Фламандцы поверили заявлениям Артевелде о том, что французскую армию можно удержать к югу от Лиса. Когда же пришли известия о поражении при Комине, паника охватила деревни и города западной Фландрии. За этими известиями быстро последовали передовые отряды французской армии, которые разошлись по всей стране, охваченные гневом против людей, которых они научились ненавидеть как англофилов, сторонников Урбан VI и мятежников. Города посылали делегации к королю с ключами от своих ворот. Повсюду жители заявляли о своей верности французскому королю, нашивая на одежды белые кресты. Но все это было бесполезно. Французские солдаты грабили и жгли все, куда бы они ни пришли. В первые сорок восемь часов были разграблены три крупных сукнодельческих города — Поперинге, Вервик и Месен.
Разрушение Поперинге, города с населением около 4.000 человек, установило новые стандарты жестокости. Отряд герцога Бурбонского прибыл к стенам города вскоре после полуночи 24 ноября и обрушился на ночной дозор, охранявший баррикады у главных ворот, перебив всех, кого смогли поймать, а остальные дозорные разбежались по улицам, разбудив своих сограждан. Жители хватали все, что могли унести, и бежали к другим воротам, в то время как солдаты пробираясь через город и грабили их дома. Затем они планомерно подожгли весь город и с добычей ушли в Ипр. Когда они уходили, прибыла новая орда солдат, в основном фламандских дворян на службе Людовика Мальского.

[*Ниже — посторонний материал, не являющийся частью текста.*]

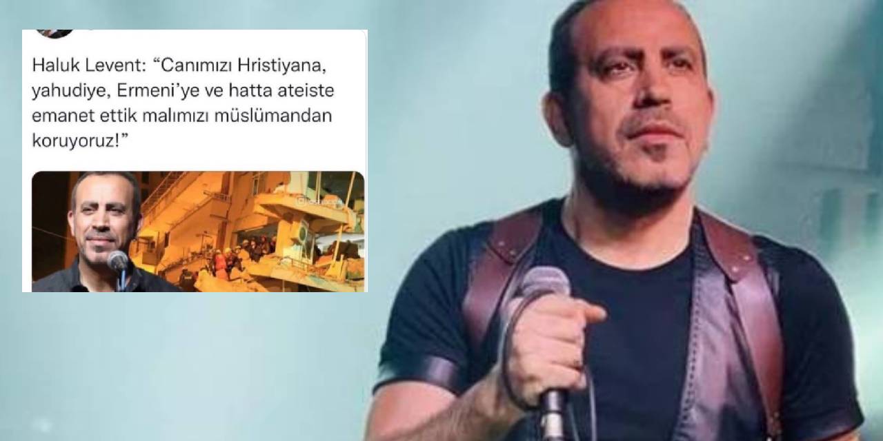 Kurucusu olduğu Ahbap Derneği ile depremden etkilenen bölgelere giden Haluk Levent, kendisine ait olduğu iddia edilen “Canımızı Hıristiyan’a, Yahudi’ye, Ermeni’ye ve hatta ateiste emanet ettik, malımızı Müslüman’dan koruyoruz!” paylaşımının gerçek dışı olduğunu belirtti.

Пламя уже разгоралось, когда новоприбывшие в свою очередь прошли через город, врываясь в каждый дом, в который еще можно было проникнуть, в поисках добычи. Несколько недель спустя в популярном храме в Турени валлийский паломник, находившийся в рядах французской армией, дал красочное описание происходившего. Он прибыл в Поперинге с людьми герцога Бурбонского и оказался в ловушке из-за пожаров. Он описал улицы и площади города, заполненные солдатами и бегущими в панике горожанами, ищущими спасения из этого ада. Рассказчик укрылся в подвале горящего дома. Когда он выбрался оттуда на следующее утро, весь город представлял собой пустыню из обугленного дерева и пепла, а несколько больших зданий еще стояли, охваченные пламенем. Он последовал за потоком людей, пробиравшихся сквозь сильный жар к воротам, и, выйдя за них, бросился в реку. Выйдя из воды на противоположном берегу, он оказался в окружении испуганных и разъяренных жителей города, которые провели всю ночь в лугах, наблюдая за разрушением своих домов. Он едва спасался бегством, преследуемый разъяренной толпой беженцев с пиками и топорами[676].

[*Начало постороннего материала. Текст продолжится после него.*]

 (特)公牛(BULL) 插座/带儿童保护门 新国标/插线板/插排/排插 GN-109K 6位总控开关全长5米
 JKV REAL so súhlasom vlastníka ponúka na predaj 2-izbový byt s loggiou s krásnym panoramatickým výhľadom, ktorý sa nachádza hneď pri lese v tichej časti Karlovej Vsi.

Филипп ван Артевелде находился в Генте, когда пришло известие о том, что французы переправились через Лис и сразу же уехал, чтобы присоединиться к армии под Уденарде. Английский герольд (бывший герольд Чандоса, биограф Черного принца) сумел пробраться туда из Кале под прикрытием своего иммунитета, принеся известия о текущем состоянии дебатов в Совете Ричарда II. Впервые Артевелде осознал, что шансов на своевременное прибытие помощи из Англии нет. Если бы он поступил мудро, то теперь вел бы оборонительную кампанию в болотистой местности вокруг Уденарде, изматывая врага в течение зимних месяцев. Но битва при Беверхаутсвельде вселила в Артевелде уверенность в своих силах и лишила его осторожности. Он привел свою армию в походный порядок и двинулся на запад, чтобы встретить французскую армию на равнине к северу от Ипра. 20 и 21 ноября 1382 года фламандцы покинули Куртре. 25 ноября они прошли через Руселаре. Ближе к сумеркам они остановились на высоком холме, возвышающимся над дорогой из Ипра, чуть южнее деревни Вест-Роозбеке, которую французы называли Рузбек. Это место находилось примерно в шести милях к северу от французского лагеря. Здесь фламандцы начали окапываться. На следующий день, 26 ноября, французы, многие из которых были спешно отозваны из грабительских рейдов по западной Фландрии, выстроились в боевой порядок и двинулись на север навстречу врагу. Когда они остановились на равнине перед позициями фламандцев, пошел мелкий моросящий дождь. Группа фламандских рыцарей Людовика Мальского проскакала вдоль фламандского лагеря, чтобы разведать позиции противника. Вернувшись они сообщили, что во фламандском лагере было около 40.000 человек. Кроме шестидесяти английских лучников, это были плохо обученные горожане вооруженные древковым оружием и собранные в беспорядочные формирования. Фламандцы занимали сильную позицию на холме, их фланги были защищены лесом и густыми живыми изгородями, а фронт — линией окопов. Но естественной защиты в тылу у фламандской армии не было. Несмотря на превосходство в позиции и значительно превосходящую численность противника, коннетабль Клиссон решился на лобовую атаку на следующее утро.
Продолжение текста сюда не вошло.